*Data provided:*

- Opening Delimiter -

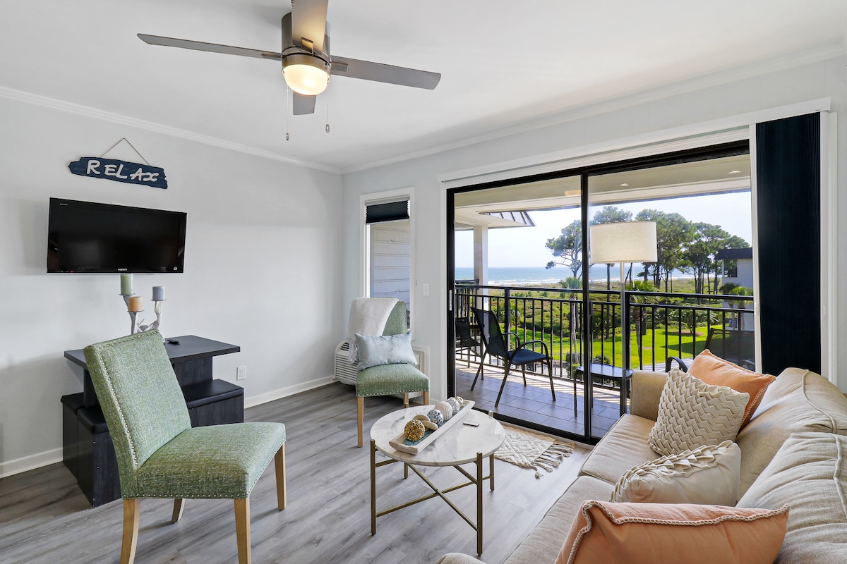 Oceanfront building with a side view of the ocean from the balcony. Park your car and walk to everything. This beautiful 2 bed/2 bath beach condo is perfect for your family vacation or romantic getaway. No streets to cross to get to the beach! Location, location, location. Gated entry, private, and just a 5-minute walk to all the amenities of Coligny Plaza (70 Shops & Restaurants). I also provide beach chairs, umbrella, and beach cart for your convenience during your stay!
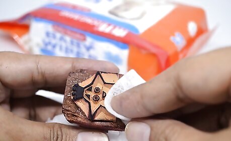 Wipe your stamp with alcohol-free baby wipes after use. This removes all of the ink or paint on the stamp. It also ensures your stamp is clean and ready to use next time.
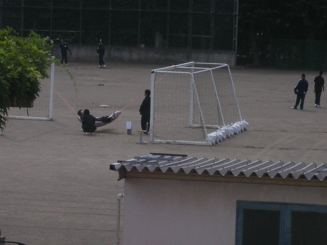 校舎内にハンモックがつるされています。布団で作りました。ハンモックに寝っ転がり、空を見てみませんか?
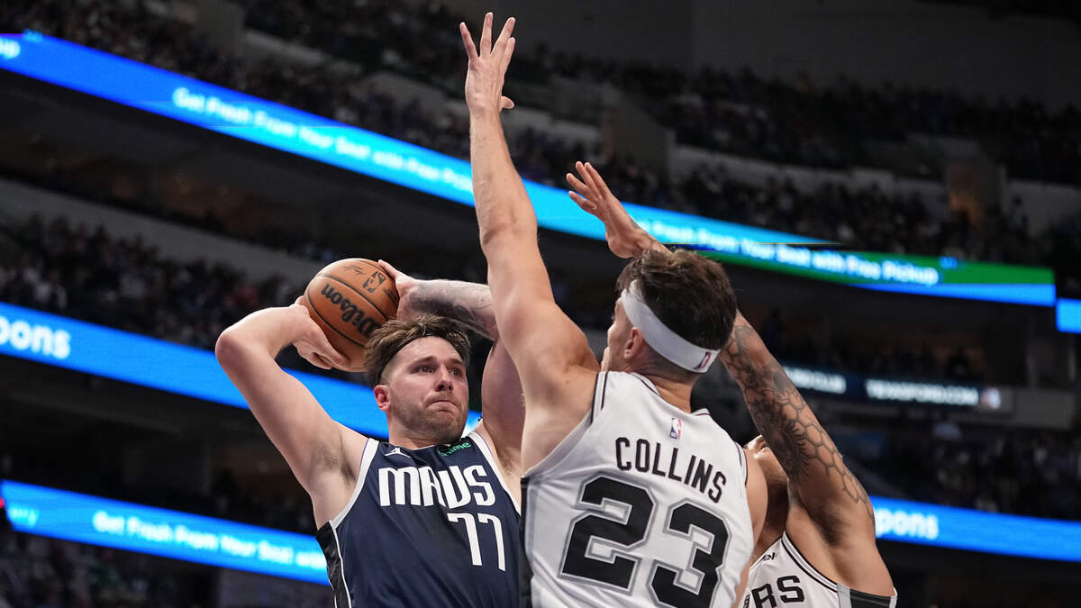 Luka Doncic #77 of the Dallas Mavericks looks to pass as Zach Collins #23 and Jeremy Sochan #10 of the San Antonio Spurs defend during the second half at American Airlines Center on December 23, 2023 in Dallas, Texas.

- Closing Delimiter -

*Requirement:*
Each line of the data needs to be output exactly, with any image excluded.

*Task response:*
 Oceanfront building with a side view of the ocean from the balcony. Park your car and walk to everything. This beautiful 2 bed/2 bath beach condo is perfect for your family vacation or romantic getaway. No streets to cross to get to the beach! Location, location, location. Gated entry, private, and just a 5-minute walk to all the amenities of Coligny Plaza (70 Shops & Restaurants). I also provide beach chairs, umbrella, and beach cart for your convenience during your stay!
 Wipe your stamp with alcohol-free baby wipes after use. This removes all of the ink or paint on the stamp. It also ensures your stamp is clean and ready to use next time.
 校舎内にハンモックがつるされています。布団で作りました。ハンモックに寝っ転がり、空を見てみませんか?
 Luka Doncic #77 of the Dallas Mavericks looks to pass as Zach Collins #23 and Jeremy Sochan #10 of the San Antonio Spurs defend during the second half at American Airlines Center on December 23, 2023 in Dallas, Texas.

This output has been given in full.